HAD’LERİN BİRLEŞTİRİLMESİ |
BİRDEN FAZLA HAD
CEZASININ BİRLEŞMESİ
Bu bölümde, eşkıya
dışındaki kimseler için birden fazla cezanın birleştirilmesi konusu ele alınacaktır.
Bu cezalar ya kul hakı, ya Allah hakkı yahut da her ikisine ait türden bir
suçun işlenmesi sebebiyle olur. Nevevi konuya birinci meseleyle başlamıştır.
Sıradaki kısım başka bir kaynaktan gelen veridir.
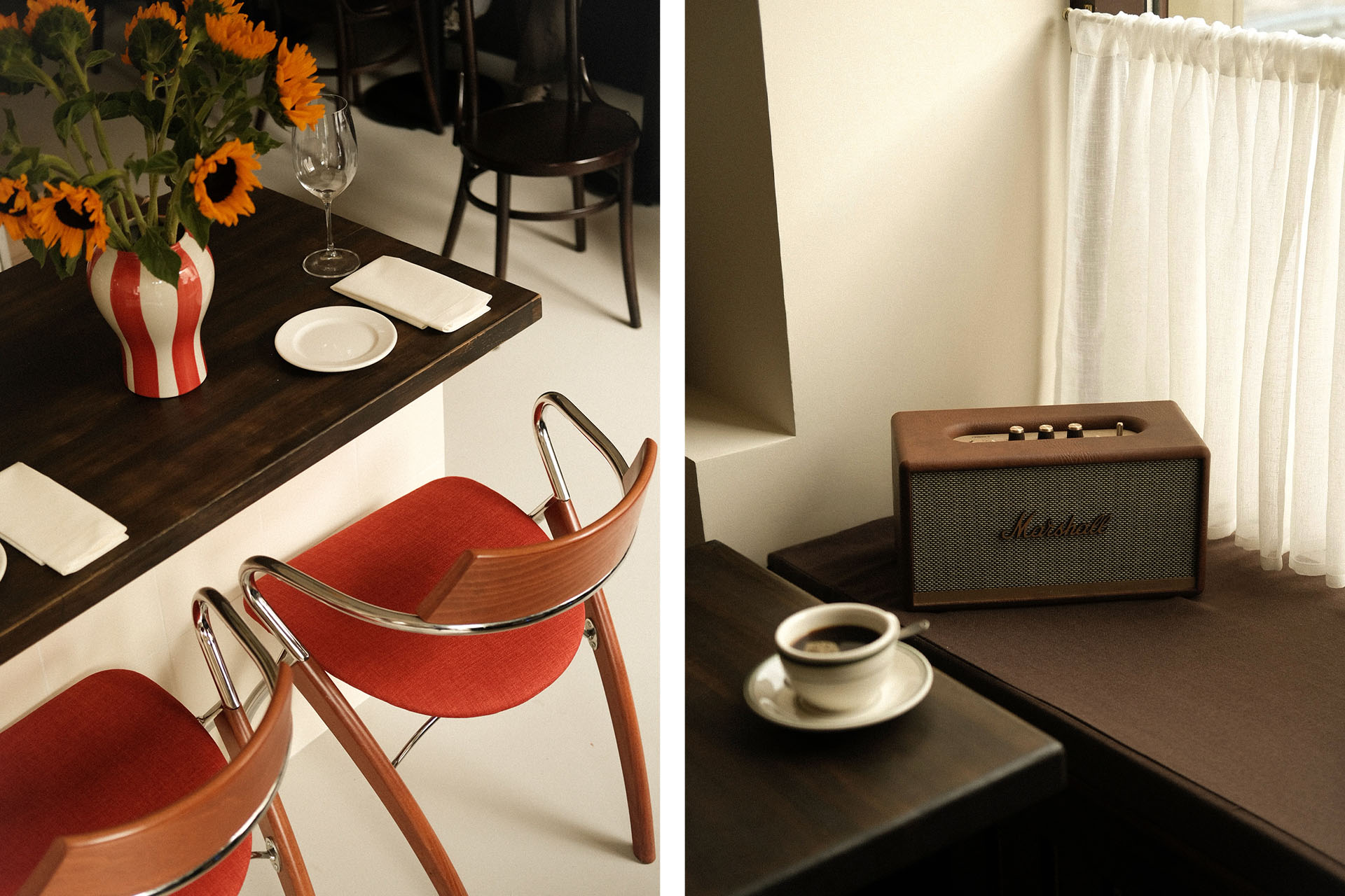 Придумала MAY семейная пара: Настя Ленгер отвечает за атмосферу и философию, а Миша Ленгер за содержимое бокалов гостей — он собрал на полках внушительный ассортимент разных бутылок, от малых европейских хозяйств до универсальной классики. В барной карте также несколько классических коктейлей вроде «Мимозы», «Апероля», «Джин-тоника», а ещё mini Negroni для идеального аперитива перед ужином.
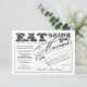 diseño de rsvp bodas con diseño tipográfico moderno en blanco y negro "come y se casa. Si necesitas más para incluir más opciones como "cualquier requerimiento dietético" etc por favor contáctame.
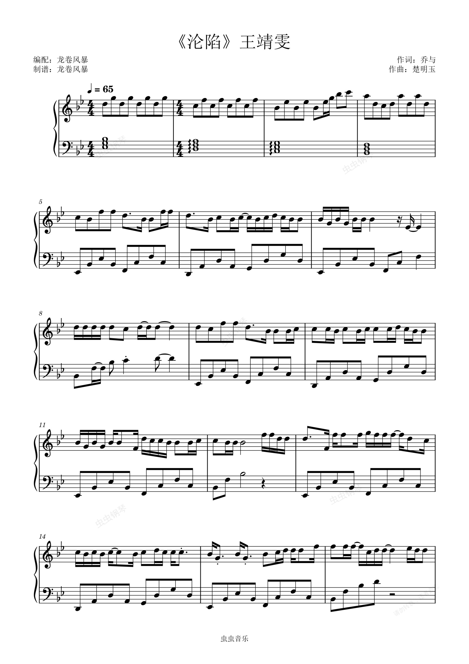 钢琴谱:《沦陷》王靖雯不胖(原调唯美版)

I. Kul Hakkı Olan Cezaların Birleşmesi
II. Allah Hakkı Olan Cezaların
Birleşmesi
III. Allah Hakkı ve Kul Hakkı Olan
Cezaların Birleşmesi
I. Kul Hakkı Olan
Cezaların Birleşmesi
1. Bir kimseye kısas,
organ kesme ve kazif haddi uygulanması gerekli olsa, hak sahipleri bu cezaların
uygulanmasını talep etseler önce sopa vurulur, sonra organ kesilir, sonra
öldürülür.
2. Organ kesildikten
sonra derhal öldürme işlemi gerçekleştirilir. Öldürme konusunda hak sahibi olan
kişi ortada yoksa kişiye sopa vurulduktan sonra hemen organı kesilmez. Daha
doğru görüşe göre hak sahibi orada bulunmakla birlikte "önce kesmeyi
yapın" dese hüküm yine böyledir.
3. Can konusunda hak
sahibi olan kişi hakkını ertelediğinde suçluya önce sopa vurulur, iyileştiğinde
organı kesilir.
4. Organ üzerinde hak
sahibi olan kişi cezayı ertelese kişiye önce sopa vurulur.
5. Can üzerinde hak
sahibi olan kişi, suçlunun organı üzerinden kısas gerçekleşinceye kadar
sabretmelidir. Şayet erken davranır da suçluyu öldürürse organ üzerinde hak
sahibi olan kişi diyet almayı hak eder.
6. Sopa vurma hakkına
sahip olan kişi cezayı ertelese kıyasa göre diğerlerinin sabretmesi gerekir.
41. Bir kimsenin bir
grup insana [karşı işlediği suçlar sebebiyle] üzerinde can konusunda kısas, bir
insanın organını kesmesi sebebiyle kısas, başka bir şahsa zina isnad etmesi
sebebiyle kazif haddi cezası bulunsa, hak sahipleri haklarını talep etseler
önce zina iftirası suçu sebebiyle kendisine so pa vurma cezası uygulanır. Daha
sonra organını kestiği kişinin talebi sebebiyle kendisine kesme yoluyla kısas
cezası uygulanır. Sonra da öldürme suçu sebebiyle kısas yoluyla ölüm cezası
uygulanır. Çünkü bu yöntem, bütün hakların ondan alınmasına en yakın olan
yöntemdir. Bunların dışında bir de insanlara yönelik tazir cezası söz konusu
olursa önce onunla başlanır.
42. Şahsın organının
kesilmesinden sonra derhal ölüm cezası uygulanır, mühlet vermek gerekmez. Çünkü
bu şahıs ölümü hak etmiştir. Şayet ölüm cezasını talep edecek olan kişi ortada
yok ise şahsa so pa vurulduktan sonra eli kesilmez. Bu konuda görüş aynlığı
yoktur.
Çünkü sopa vurulduktan
sonra eli kesilirse, kısas cezasını uygulayamadan kişi ölebilir.
43. [Yukarıdaki durumda]
kısas üzerinde hak sahibi olan kişi hazır bulunup "organ kesme cezasını
derhal uygulayın, ben hemen sonra ölüm cezasını uygulanm" dese [hüküm ne
olur? Bu konuda mezhep içinde iki görüş bulunmaktadır:]
Birinci görüş
Daha doğru görüşe göre,
yukarıda belirttiğimiz gerekçe sebebiyle organ kesme cezası hemen uygulanmaz.
İkinci görüş
Organ kesme cezası hemen
uygulanır; çünkü organ kesmenin ertelenmesi bu şahsın hakkından dolayı idi.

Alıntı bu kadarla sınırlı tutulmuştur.